### Task
Quote every line of the data below as it stands, omitting pictures.

### Data extract
Content starts
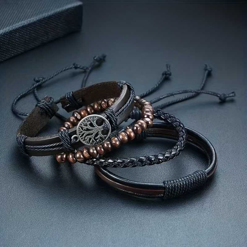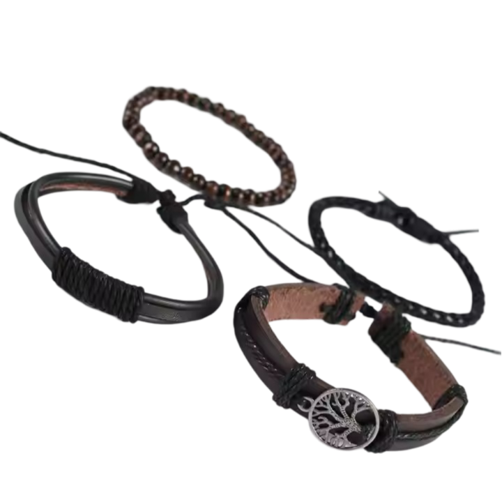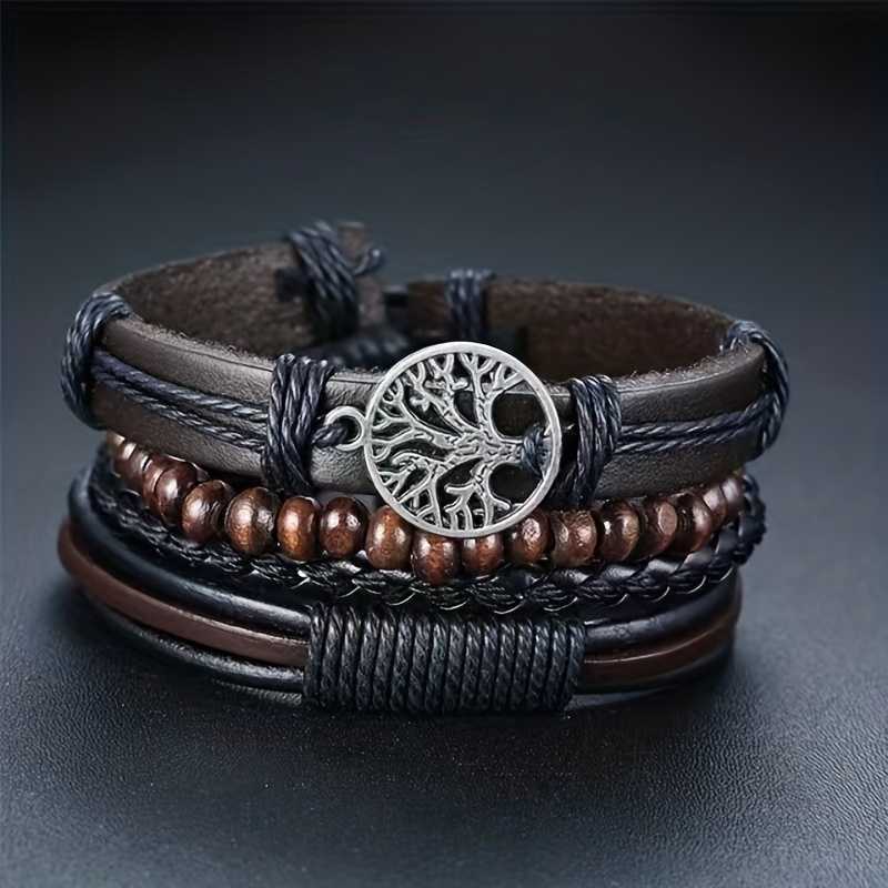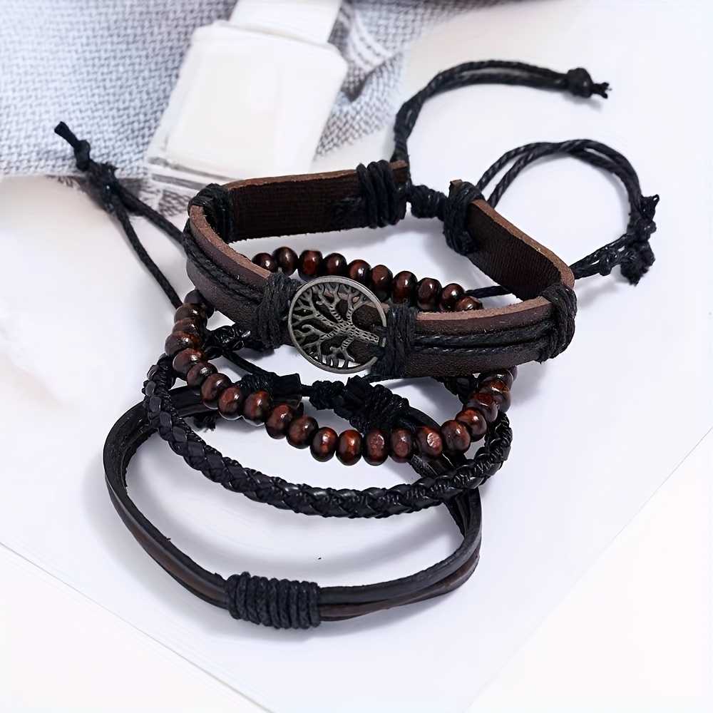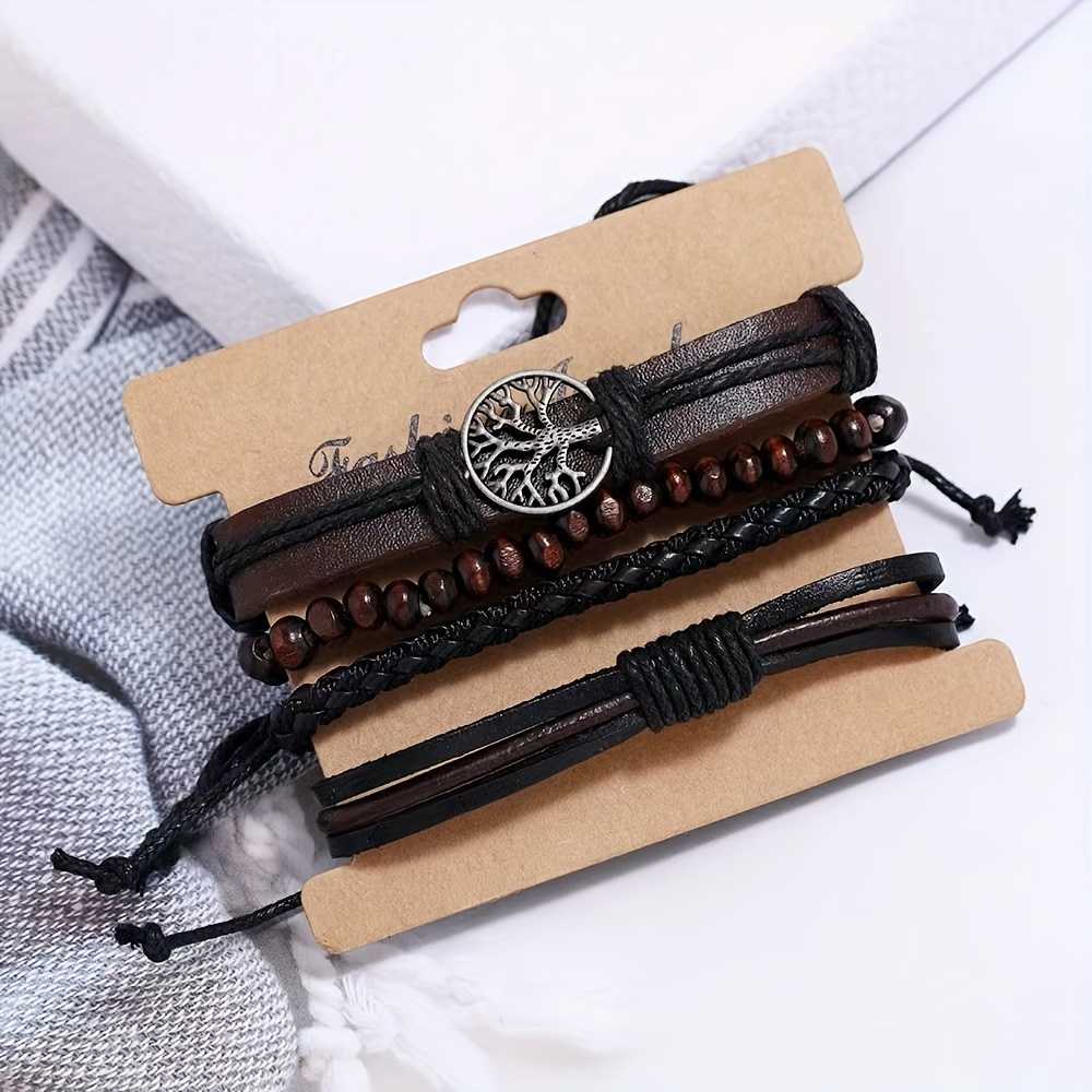 Bling Queen is an affordable fashion jewellery brand with various product types like bracelets, necklaces, earrings, rings, etc. suitable for women, men and kids. The Men's Multi Layer Black Leather Wooden Life Tree Rope Braided Brown Stone Bracelet is a striking representation of craftsmanship and natural beauty. At the heart of the bracelet is a beautifully crafted wooden charm depicting the life tree, symbolizing growth, strength, and interconnectedness. The wooden element contrasts elegantly with the rich black leather, which is thoughtfully braided into multiple layers, offering a textural depth and visual interest that enhances the overall design. The inclusion of brown stone beads further enriches the bracelet's aesthetic, introducing a natural element that complements the leather and wood. The bracelet is designed with comfort in mind, featuring a rope style that allows for flexibility and ease of wear. The multi layer structure not only adds depth but also provides a secure fit around the wrist.
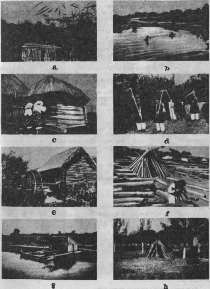 Ми не можемо довго спинятися на приміщеннях для скотини: кошарах, стайнях, хлівах, загонах, повітках тощо, які в своїх особливостях, іцо залежать переважно від будівельного матеріялу та піддягають тим самим умовам, що й хвти На півдні ці будови бувають земляні чн очеретяні, в середній смузі майже скрізь плетені з лози або з хворосту, на півночі — складені з брусів. Хлівн з глннн обмазують рідко, особливо ті, що призначені для корів та овець. Иноді їх ставлять з подвійної ліски, набиваючи в проміжжя між лісками кізяку з землею. Таку подвійну ліску звуть загатою. Виняток щодо матеріялу являє собою тільки саж. цебто хлів для свиней, що їх відгодовують; саж завше ставлять дерев'яний, у зруб. Ми даємо тут фотографію, яка демонструє, між иншим, оригінальне спорудження, так звану ляду, цебто дверці, що підіймаються, дозволяючи засипати худобі пашу, не відчиняючи для того дверей (табл. VI, с). А звичайно приміщення для безрогих, як звуть у Галичині ввічливо свиней, ставлять просто з ліски, часто з виходом просто на вулицю. Велику птицю, як гусей, качок, тримають найчастіше в хлівах, а для курей ставлять окремі курники або тримають їх під стріхою в сінях, особливо коли сіни мають стелю. В Бессарабії, однак, і кури, і навіть индики ночують майже завше на деревах. Для голубів ставлять окремі голубники на високому стовпі аби під гребінем стріхи, иноді також вішають для них під стріхою плетені з соломи гнізда, які теж звуть голубниками. Нарешті, до кожного двору конче належать ріжного роду повітки, цебто надвіси. відкриті чи закриті, в яких працюють за негоди, куди складають дрова, сіно тощо; сюди теж належать возовні, де ставлять плуги, борони, вози, сани тощо, замісць них у бойків роблять надвіси. прибудовані до самої хати та які звуться колешні.
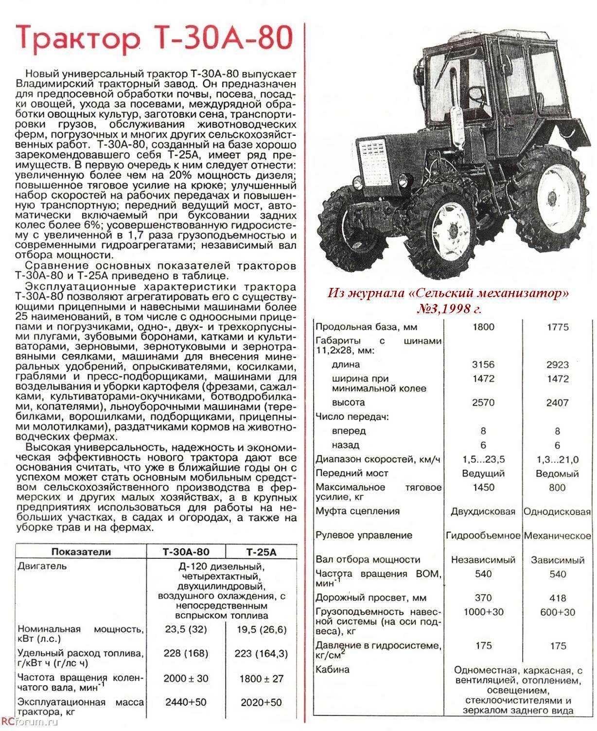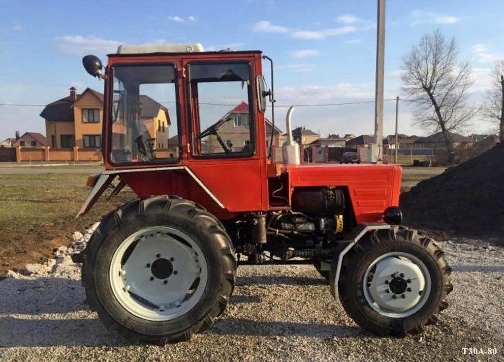Новый универсальный трактор Т-30А-80 выпускает Владимирский тракторный завод. Он предназначен для предпосевной обработки почвы, посева, посадки овощей, ухода за посевами, междурядной обработки овощных культур, заготовки сена, транспортировки грузов, обслуживания животноводческих ферм, погрузочных и многих других сельскохозяйственных работ. Т-30А-80, созданный на базе хорошо зарекомендовавшего себя Т-25А, имеет ряд преимуществ. В первую очередь к ним следует отнести: увеличенную более чем на 20% мощность дизеля; повышенное тяговое усилие на крюке; улучшенный набор скоростей на рабочих передачах и повышенную транспортную; передний ведущий мост, автоматически включаемый при буксовании задних колес более 6%; усовершенствованную гидросистему с увеличенной в 1,7 раза грузоподъемностью и современными гидроагрегатами; независимый вал отбора мощности.
Content ends
### Solution to this problem
 Bling Queen is an affordable fashion jewellery brand with various product types like bracelets, necklaces, earrings, rings, etc. suitable for women, men and kids. The Men's Multi Layer Black Leather Wooden Life Tree Rope Braided Brown Stone Bracelet is a striking representation of craftsmanship and natural beauty. At the heart of the bracelet is a beautifully crafted wooden charm depicting the life tree, symbolizing growth, strength, and interconnectedness. The wooden element contrasts elegantly with the rich black leather, which is thoughtfully braided into multiple layers, offering a textural depth and visual interest that enhances the overall design. The inclusion of brown stone beads further enriches the bracelet's aesthetic, introducing a natural element that complements the leather and wood. The bracelet is designed with comfort in mind, featuring a rope style that allows for flexibility and ease of wear. The multi layer structure not only adds depth but also provides a secure fit around the wrist.
 Ми не можемо довго спинятися на приміщеннях для скотини: кошарах, стайнях, хлівах, загонах, повітках тощо, які в своїх особливостях, іцо залежать переважно від будівельного матеріялу та піддягають тим самим умовам, що й хвти На півдні ці будови бувають земляні чн очеретяні, в середній смузі майже скрізь плетені з лози або з хворосту, на півночі — складені з брусів. Хлівн з глннн обмазують рідко, особливо ті, що призначені для корів та овець. Иноді їх ставлять з подвійної ліски, набиваючи в проміжжя між лісками кізяку з землею. Таку подвійну ліску звуть загатою. Виняток щодо матеріялу являє собою тільки саж. цебто хлів для свиней, що їх відгодовують; саж завше ставлять дерев'яний, у зруб. Ми даємо тут фотографію, яка демонструє, між иншим, оригінальне спорудження, так звану ляду, цебто дверці, що підіймаються, дозволяючи засипати худобі пашу, не відчиняючи для того дверей (табл. VI, с). А звичайно приміщення для безрогих, як звуть у Галичині ввічливо свиней, ставлять просто з ліски, часто з виходом просто на вулицю. Велику птицю, як гусей, качок, тримають найчастіше в хлівах, а для курей ставлять окремі курники або тримають їх під стріхою в сінях, особливо коли сіни мають стелю. В Бессарабії, однак, і кури, і навіть индики ночують майже завше на деревах. Для голубів ставлять окремі голубники на високому стовпі аби під гребінем стріхи, иноді також вішають для них під стріхою плетені з соломи гнізда, які теж звуть голубниками. Нарешті, до кожного двору конче належать ріжного роду повітки, цебто надвіси. відкриті чи закриті, в яких працюють за негоди, куди складають дрова, сіно тощо; сюди теж належать возовні, де ставлять плуги, борони, вози, сани тощо, замісць них у бойків роблять надвіси. прибудовані до самої хати та які звуться колешні.
Новый универсальный трактор Т-30А-80 выпускает Владимирский тракторный завод. Он предназначен для предпосевной обработки почвы, посева, посадки овощей, ухода за посевами, междурядной обработки овощных культур, заготовки сена, транспортировки грузов, обслуживания животноводческих ферм, погрузочных и многих других сельскохозяйственных работ. Т-30А-80, созданный на базе хорошо зарекомендовавшего себя Т-25А, имеет ряд преимуществ. В первую очередь к ним следует отнести: увеличенную более чем на 20% мощность дизеля; повышенное тяговое усилие на крюке; улучшенный набор скоростей на рабочих передачах и повышенную транспортную; передний ведущий мост, автоматически включаемый при буксовании задних колес более 6%; усовершенствованную гидросистему с увеличенной в 1,7 раза грузоподъемностью и современными гидроагрегатами; независимый вал отбора мощности.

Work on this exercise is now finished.